▸ **TASK INSTRUCTIONS**: The reply should hold only the lines below beginning at the one with "Однако назвали мальчика" and ending at the one with "在培訓(xùn)課上,黃鎮(zhèn)懷", copied exactly, with every picture left out.

▸ **TASK MATERIAL**:
_ _ _ _ _ _ _

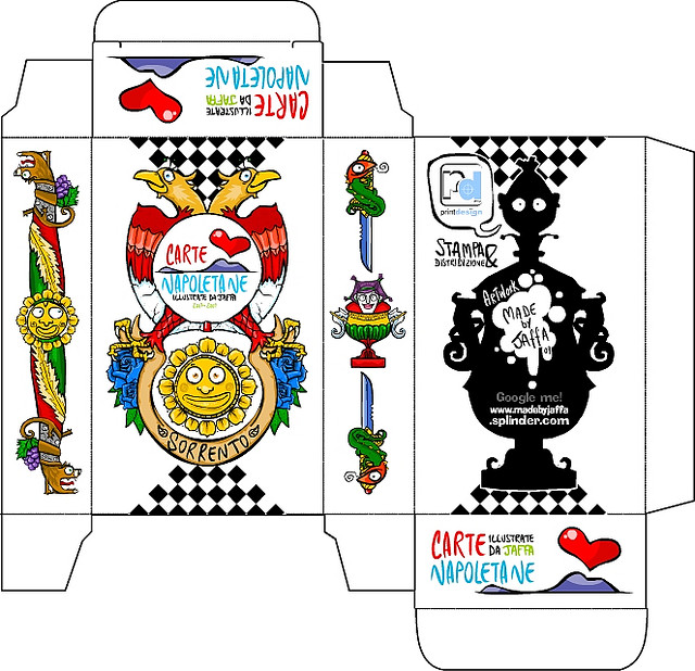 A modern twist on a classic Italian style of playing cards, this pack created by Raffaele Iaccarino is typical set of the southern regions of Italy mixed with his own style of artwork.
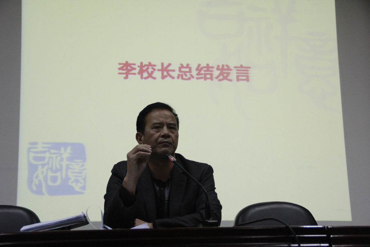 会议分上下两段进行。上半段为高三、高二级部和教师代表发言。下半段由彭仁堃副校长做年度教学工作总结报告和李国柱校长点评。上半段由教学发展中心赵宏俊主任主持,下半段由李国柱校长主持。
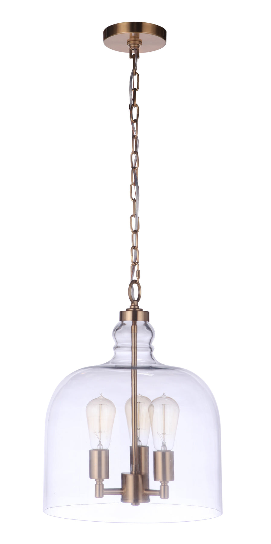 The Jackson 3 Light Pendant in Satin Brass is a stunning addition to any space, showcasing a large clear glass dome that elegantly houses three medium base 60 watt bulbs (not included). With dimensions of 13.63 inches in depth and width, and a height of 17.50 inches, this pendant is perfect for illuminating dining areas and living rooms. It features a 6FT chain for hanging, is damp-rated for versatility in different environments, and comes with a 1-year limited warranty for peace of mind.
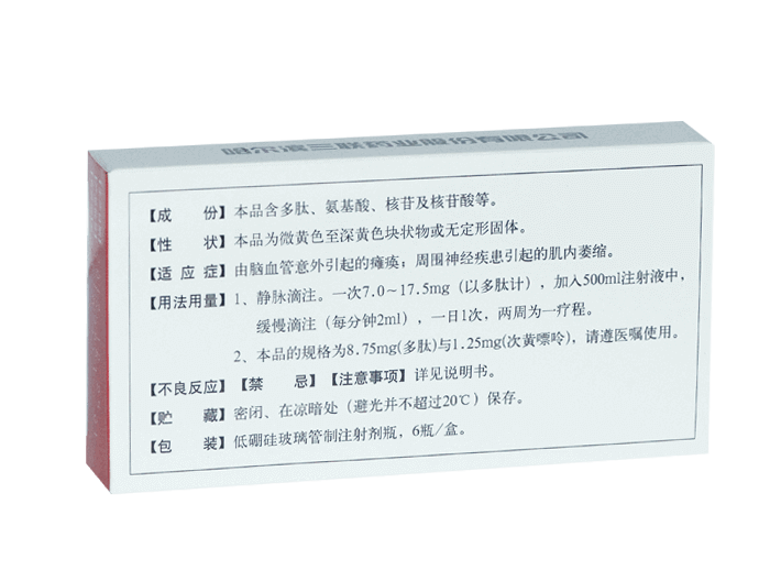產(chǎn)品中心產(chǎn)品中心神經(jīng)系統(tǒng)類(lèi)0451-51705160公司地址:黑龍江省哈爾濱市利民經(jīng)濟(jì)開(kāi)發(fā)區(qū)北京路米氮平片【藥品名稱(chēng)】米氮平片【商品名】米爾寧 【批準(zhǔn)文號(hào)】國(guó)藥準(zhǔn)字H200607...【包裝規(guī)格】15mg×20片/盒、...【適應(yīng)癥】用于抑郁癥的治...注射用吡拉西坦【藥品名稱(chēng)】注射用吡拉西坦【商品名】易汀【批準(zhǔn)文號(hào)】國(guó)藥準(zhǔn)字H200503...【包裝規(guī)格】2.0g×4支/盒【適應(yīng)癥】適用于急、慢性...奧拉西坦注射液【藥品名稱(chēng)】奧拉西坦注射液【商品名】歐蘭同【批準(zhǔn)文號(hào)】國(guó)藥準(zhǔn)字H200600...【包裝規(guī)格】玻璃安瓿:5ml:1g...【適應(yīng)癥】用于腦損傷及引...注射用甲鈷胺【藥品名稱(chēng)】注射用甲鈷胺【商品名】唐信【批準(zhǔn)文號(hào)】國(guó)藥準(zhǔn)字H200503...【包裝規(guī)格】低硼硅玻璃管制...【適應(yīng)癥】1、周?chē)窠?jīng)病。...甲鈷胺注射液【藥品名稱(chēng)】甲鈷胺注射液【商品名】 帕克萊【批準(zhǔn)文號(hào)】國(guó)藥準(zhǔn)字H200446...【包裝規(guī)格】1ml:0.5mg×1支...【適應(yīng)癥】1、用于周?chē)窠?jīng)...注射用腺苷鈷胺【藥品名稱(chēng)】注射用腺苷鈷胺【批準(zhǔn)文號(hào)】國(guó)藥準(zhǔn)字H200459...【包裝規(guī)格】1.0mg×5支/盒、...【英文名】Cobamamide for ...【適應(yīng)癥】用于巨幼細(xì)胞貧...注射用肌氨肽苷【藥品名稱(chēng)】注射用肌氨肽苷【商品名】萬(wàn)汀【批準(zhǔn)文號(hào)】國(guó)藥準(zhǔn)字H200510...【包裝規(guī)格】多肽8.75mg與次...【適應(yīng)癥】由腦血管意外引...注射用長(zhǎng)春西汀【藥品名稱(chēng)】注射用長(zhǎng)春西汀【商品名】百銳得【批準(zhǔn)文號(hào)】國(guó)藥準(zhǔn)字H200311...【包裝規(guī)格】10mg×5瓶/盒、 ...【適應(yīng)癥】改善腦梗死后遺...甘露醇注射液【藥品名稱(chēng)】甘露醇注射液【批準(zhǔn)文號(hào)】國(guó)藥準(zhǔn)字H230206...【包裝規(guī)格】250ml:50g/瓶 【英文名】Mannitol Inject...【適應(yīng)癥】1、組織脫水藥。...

_ _ _ _ _ _ _

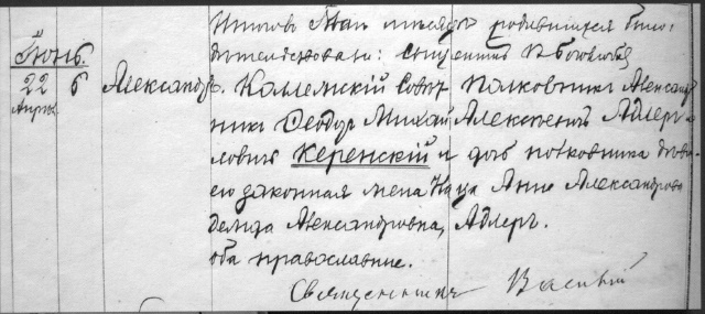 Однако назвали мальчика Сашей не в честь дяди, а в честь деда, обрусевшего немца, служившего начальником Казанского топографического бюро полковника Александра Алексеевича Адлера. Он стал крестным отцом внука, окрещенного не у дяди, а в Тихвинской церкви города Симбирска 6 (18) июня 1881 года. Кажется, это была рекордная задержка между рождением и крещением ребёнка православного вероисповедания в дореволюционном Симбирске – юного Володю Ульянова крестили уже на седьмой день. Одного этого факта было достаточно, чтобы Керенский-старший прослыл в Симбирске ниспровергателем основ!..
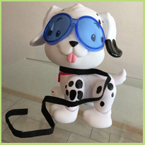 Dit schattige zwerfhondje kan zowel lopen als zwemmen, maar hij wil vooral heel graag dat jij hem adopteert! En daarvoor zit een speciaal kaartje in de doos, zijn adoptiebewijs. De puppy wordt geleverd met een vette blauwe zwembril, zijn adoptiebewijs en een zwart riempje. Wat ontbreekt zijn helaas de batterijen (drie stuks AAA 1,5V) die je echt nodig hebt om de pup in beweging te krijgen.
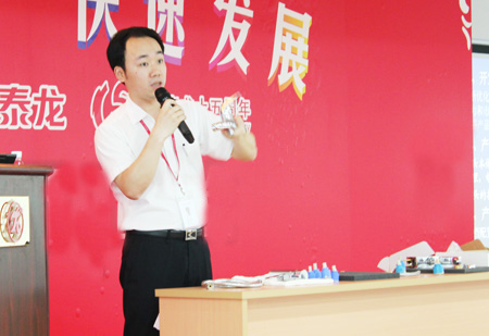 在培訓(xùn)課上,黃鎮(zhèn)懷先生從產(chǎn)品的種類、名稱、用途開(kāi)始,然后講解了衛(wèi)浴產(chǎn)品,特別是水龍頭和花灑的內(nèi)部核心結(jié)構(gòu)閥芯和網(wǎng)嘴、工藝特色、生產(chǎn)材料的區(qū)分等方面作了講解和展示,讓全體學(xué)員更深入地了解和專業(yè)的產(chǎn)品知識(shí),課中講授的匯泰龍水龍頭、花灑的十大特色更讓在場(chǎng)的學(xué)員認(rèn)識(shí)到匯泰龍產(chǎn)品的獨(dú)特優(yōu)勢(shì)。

_ _ _ _ _ _ _

▸ **ANSWER AREA**:
 Однако назвали мальчика Сашей не в честь дяди, а в честь деда, обрусевшего немца, служившего начальником Казанского топографического бюро полковника Александра Алексеевича Адлера. Он стал крестным отцом внука, окрещенного не у дяди, а в Тихвинской церкви города Симбирска 6 (18) июня 1881 года. Кажется, это была рекордная задержка между рождением и крещением ребёнка православного вероисповедания в дореволюционном Симбирске – юного Володю Ульянова крестили уже на седьмой день. Одного этого факта было достаточно, чтобы Керенский-старший прослыл в Симбирске ниспровергателем основ!..
 Dit schattige zwerfhondje kan zowel lopen als zwemmen, maar hij wil vooral heel graag dat jij hem adopteert! En daarvoor zit een speciaal kaartje in de doos, zijn adoptiebewijs. De puppy wordt geleverd met een vette blauwe zwembril, zijn adoptiebewijs en een zwart riempje. Wat ontbreekt zijn helaas de batterijen (drie stuks AAA 1,5V) die je echt nodig hebt om de pup in beweging te krijgen.
 在培訓(xùn)課上,黃鎮(zhèn)懷先生從產(chǎn)品的種類、名稱、用途開(kāi)始,然后講解了衛(wèi)浴產(chǎn)品,特別是水龍頭和花灑的內(nèi)部核心結(jié)構(gòu)閥芯和網(wǎng)嘴、工藝特色、生產(chǎn)材料的區(qū)分等方面作了講解和展示,讓全體學(xué)員更深入地了解和專業(yè)的產(chǎn)品知識(shí),課中講授的匯泰龍水龍頭、花灑的十大特色更讓在場(chǎng)的學(xué)員認(rèn)識(shí)到匯泰龍產(chǎn)品的獨(dú)特優(yōu)勢(shì)。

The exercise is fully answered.